L to R: Marjorie and Morley Blankstein, Frank Dimant, and Gail Asper

Tova and Larry Vickar

Richard Swyston, Cheryl and Earl Barish



by Rhonda Spivak, December 14, 2010

Honorary Chairs of the well attended event, at the Fairmont Hotel were Marjorie Blankstein, Tannis Richardson, James Burns and Arnold Frieman. Co-chairs of the event were Hennie Corrin, Jim Carr and 2009 Honouree Arni Thorsteinson. Frank Dimant CEO of B’nai Brith Canada from Toronto was present to present Filmon with her award.
The Program began with the lighting of the Menorah, which B’nai Brith has done since 1875 to re-dedicate itself its principles.
The first candle, lit by honorary Chair Arnold Frieman and his wife Myra Frieman, was  lit for “ Peace.” The next candle lit by Babs and Ruth Asper was for” hope” that anti-Semitism, racism and hate will be vanquished. The third candle lit for a vision of respecting each other’s human rights and harmonious intercultural and interfaith relations   was lit by Rev Rudy Fidel, Co-Chair of the Manitoba Jewish Christian Roundtable and Rev. Raymond McLean, co-chair of the Manitoba Jewish Aboriginal Roundtable. The fourth candle was lit for “justice” by Naomi Levine, former B’nai Brith Advocacy Regional Chair and Lyle Smordin, Past President, B’nai Brith Canada and Present Vice President, B’nai Brith International. The fifth candle for Democracy, (‘there is no war among democratic states”) was lit by Marsha Cowan, CEO of the Jewish Foundation of Manitoba and Richard Swyston, Chairman, B’nai Brith Student Human Rights Award 2010.    The sixth candle for Truth was lit by Larry and Tova Vickar. The seventh candle was lit for the brave Canadians and American forces in Afghanistan and members of the Israeli Defense Forces all of whom who confront terrorism to preserve the “values we cherish.” This last candle was lit by Cheryl Barish, Co-chair B’nai Brith Manitoba Jewish-Christian Roundtable and Earl Barish, Chairman of the National Executive Board.
A brief video presentation outlined the many activities of B’nai Brith, including providing special low income housing for seniors in Ontario, human rights and Israel advocacy, and a whole litany of activities and programs in Winnipeg.
Arthur Mauro, introduced Filmon saying he was her “oldest” friend, since “I’ve been around since Manitoba’s entry into Confederation.”
He captured Filmon’s character by saying she was an individual “that would rather light a candle than curse the darkness.”
Janice Filmon, on accepting the B’nai Brith Award of Merit, thanked the Honourary  Chairs and said she appreciated “the opportunity to identify with and help fund through this tribute dinner the good works of B’nai B’rith, the largest Jewish organization in the world.”
She said she accepted the award “on behalf of my parents – Marjorie & Harold Wainwright – my husband, Gary, my family, - my friends.”
She added, “I have no specialized field of interest or expertise. I’m a lover of life. My work is human nature. Real life is all I know.”
Filmon paid tribute to her parents and shared a poignant childhood story:
 “It was in our home, my younger sister and I were taught a “service” ethic and volunteerism was embraced.

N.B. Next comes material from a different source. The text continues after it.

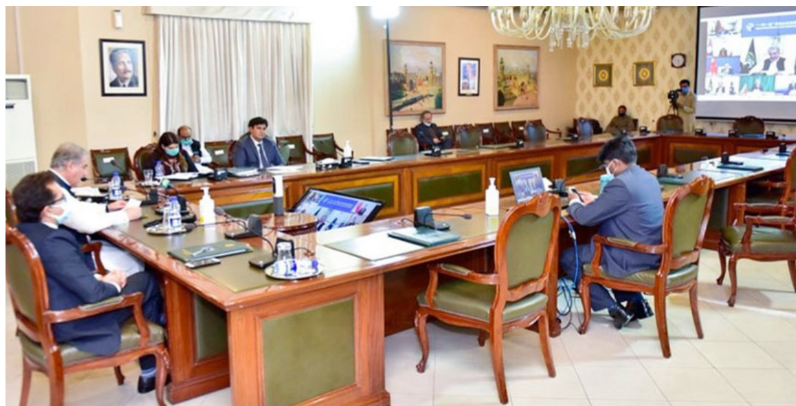
ISLAMABAD: Foreign Minister Shah Mahmood Qureshi taking part in a webinar organized by Chinese Ministry of Foreign Affairs. — DNA

We have taken part in investigation and design of almost all of the hydropower projects in Pakistan, such as Tarbela Dam, Kohala Dam, SK, Gomal Zam Dam, NJ and so on," "China's ability on water conservancy construction is built on years of practices. With our knowledge and experience, we will do our best to live up to Pakistan's trust," Yang said. The construction of dam will create 16,500 jobs and consume a huge quantity of cement and steel, which will give boost to the local industry. The main purpose of the dam is water storage and production of 4,500MW cheap and affordable electricity for meeting the country's energy requirements. — DNA
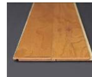
and you're done.

*Based on hardwood installer labor rate of $18 per sq ft and carpet installer labor rate of $3 per sq ft

The pride of place and purpose I feel in this community started early. Let me share with you memories of time spent with my Dad.

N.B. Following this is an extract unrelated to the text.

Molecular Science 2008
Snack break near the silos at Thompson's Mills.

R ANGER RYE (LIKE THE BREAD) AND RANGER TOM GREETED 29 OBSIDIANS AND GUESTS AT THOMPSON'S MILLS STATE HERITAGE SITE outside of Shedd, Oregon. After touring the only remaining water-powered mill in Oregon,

“I don’t know what enabled me to spend a day alone with my Dad on the Winnipeg Beach Boardwalk, anchored at one end by the roller coaster and the roller rink at the other.   A place of magic for a seven year  old. He encouraged me to play the games of chance – I didn’t have much confidence. He would throw the first 2 balls – then say – C’mon – you throw the last ball – you can do it! By the end, of our playing, we had enough points for a prize. Before we chose our prize, we went for a drink. My favorite was Orange Crush. Before I’d finished my first drink, he called the waiter and said ‘my daughter would like another drink.’ I didn’t even have to ask. What a memory! I chose a pale green china tea cup with pink rosebuds. That cup has come to represent the love my father poured into me. It is one of my most cherished treasures. Love is often spelled T.I.M.E.”
Filmon spoke about life being a “series of choices,” and about being fortunate enough to attend University of Manitoba and meet her future husband Gary (they just celebrated their 47th anniversary) and make life long friends.

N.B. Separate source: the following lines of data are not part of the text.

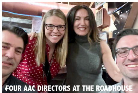
FOUR AAC DIRECTORS AT THE ROADHOUSE
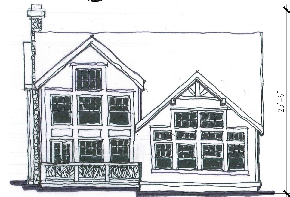
(MAIN HOUSE — PHASE II) Baker/Mott Residence
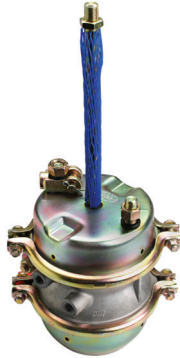
SAP2424L Type 24/24 W/clevis assembly
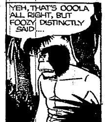
YEH, THAT'S OOOOLA ALL RIGHT, BUT FOOZY DISTINCTLY SAID...

She continued by saying “I would like to speak to my children – for just a moment, I love being your Mom. I admire you and you teach me. But – I want you to know, good character is more to be praised than outstanding talent. Most talents are, to some extent, a gift. Good character by contrast, is not given to us. We have to build it piece by piece; by thought, choice, courage and determination. “I’m so proud of your fine character. I love you so much.” 
Filmon spoke about family, as the foundation of society: “A family is a circle, and in the end when everything is stripped away – it’s your family who is there for you.”
She spoke of the time she and Gary were guests of the Jewish National Fund, and travelled to Israel for the 3000th anniversary of Jerusalem.
“I spent 12 days there and was touched to my core… If I could choose to take my children for a visit anywhere in the world – I would choose Israel.”
She spoke of her chance meeting with an Argentinean Jewish couple on an airplane which led to the beginning of Winnipeg as a destination of Argentinean Jewish immigrants.
“The year was 1994. Winnipeg was the chosen Canadian site bidding for the 1999 Pan American games. Gary and I were flying with several others to Mar Del Plata, Argentina to the Pan American Sports Organization AGM. A few rows in front of us, on the plane, I saw a large hand across the back of the seat, and a huge foot up against the bulkhead…. As we deplaned, he stood up and he turned out to be 7’ tall. I tried to engage him, but he didn’t respond. I resorted to charades – do you play basketball? “Si” said the woman with him – who spoke a little English – and let  me know he’d played basketball for the Argentinean National team. 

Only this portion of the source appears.